When Miss Kate Baker came to Shepparton as a teacher at the state school she boarded with Furphy's mother, and having read some of his sketches she suggested that he should write a book. Heartened by her encouragement, a book gradually took shape, and about the end of April 1897 A. G. Stephens (q.v.), who was then conducting the Red Page of the Bulletin, received the huge manuscript of Such is Life, Being Certain Extracts from the Diary of Tom Collins. Stephens at once recognized its merit but its size made publication impracticable. It was returned to Furphy who found that a large section, afterwards to be published as Rigby's Romance, could be cut out. Stephens realized that even in its reduced form the book was not a commercial proposition, but he succeeded in persuading Archibald (q.v.) and Macleod (q.v.), the proprietors of the Bulletin, that here was a national Australian book which should be published. It came out in 1903, made very little stir, and only about one third of the edition was sold. In 1905 Furphy gave the manuscript of Rigby's Romance to the Barrier Truth at Broken Hill in which it appeared in serial form. His sons, Felix and Samuel, who had been trained in their uncle's foundry at Shepparton, went to Western Australia and established a foundry at Fremantle. Their parents joined them early in 1905, and on 13 September 1912 Joseph Furphy died at Claremont. He was survived by his wife, two sons and a daughter. In 1917 Miss Baker purchased the copyright and remaining sheets of the Bulletin edition of Such is Life, and published a second edition at Melbourne with a preface by Vance Palmer. Another edition abridged by Vance Palmer was published in London in 1937 by Jonathan Cape, and a complete edition was brought out, by Angus and Robertson at Sydney in 1944. The Poems of Joseph Furphy, collected and edited by Miss Baker, with a portrait frontispiece, was brought out in 1916, and Rigby's Romance was published in 1921. Its second edition, published in 1946, included nine chapters omitted from the first edition. A bronze medallion by Wallace Anderson is at the state school, Yarra Glen. This school is close to the site of Furphy's birthplace.
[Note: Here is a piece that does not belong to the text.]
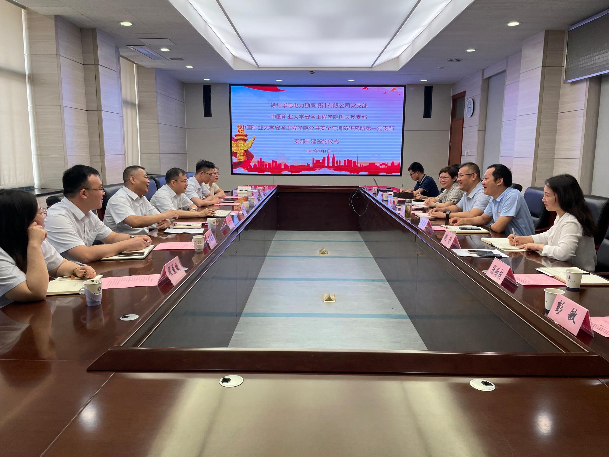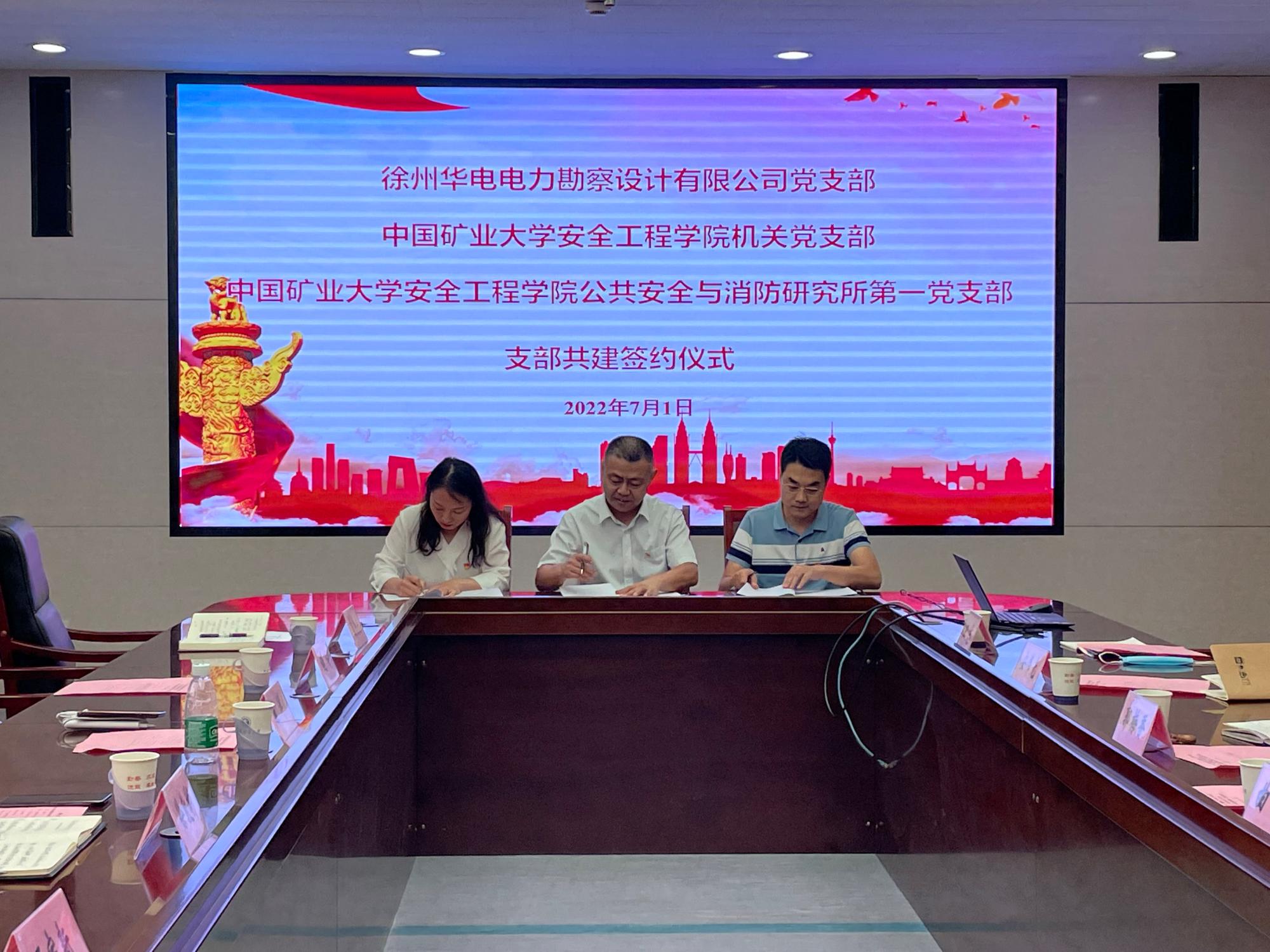 矿业科学中心A412会议室,举行“庆祝中国共产党成立101周年,推进学院党建与事业融合发展”校企党支部结对共建签约仪式。参加结对共建的党支部分别是:徐州华电电力勘察设计有限公司党支部、矿大韩国三级

Furphy was a rather tall fair man with blue eyes. When he went to Sydney while Such is Life was being printed, Stephens described him as "a lean, shrewd, proud, modest, kindly man of sixty". Though in his writings his characters use a great deal of strong language and slang, Furphy personally used neither. He was a member of the Church of Christ and sometimes took part in its services, but he had none of the narrowness often attributed to members of the smaller sects; he was indeed completely charitable in his attitude to all creeds, beliefs and unbeliefs. He had read widely and his books give a cross section of the minds of thinking people in the second half of the nineteenth century. Such is Life has many discussions in it, enlivened often with the sense of humour that was an essential part of Furphy. His pathos is completely true. He believed in the common man and loved him. His narrative style is sometimes a little heavy and wordy, his attempt to suggest the bush vernacular by the use of (adj.) for swearing and other devices are not always successful, but these cavillings become lost in the great sweep of the book, its vigour and originality, its human charity, its fundamental Australianism. Rigby's Romance has similar qualities but is not so good, and the volume of poems though it has much good swinging verse in it, does not give Furphy the right to be called a poet. His reputation rests on Such is Life which 40 years after publication remains one of the really important books in Australian literature.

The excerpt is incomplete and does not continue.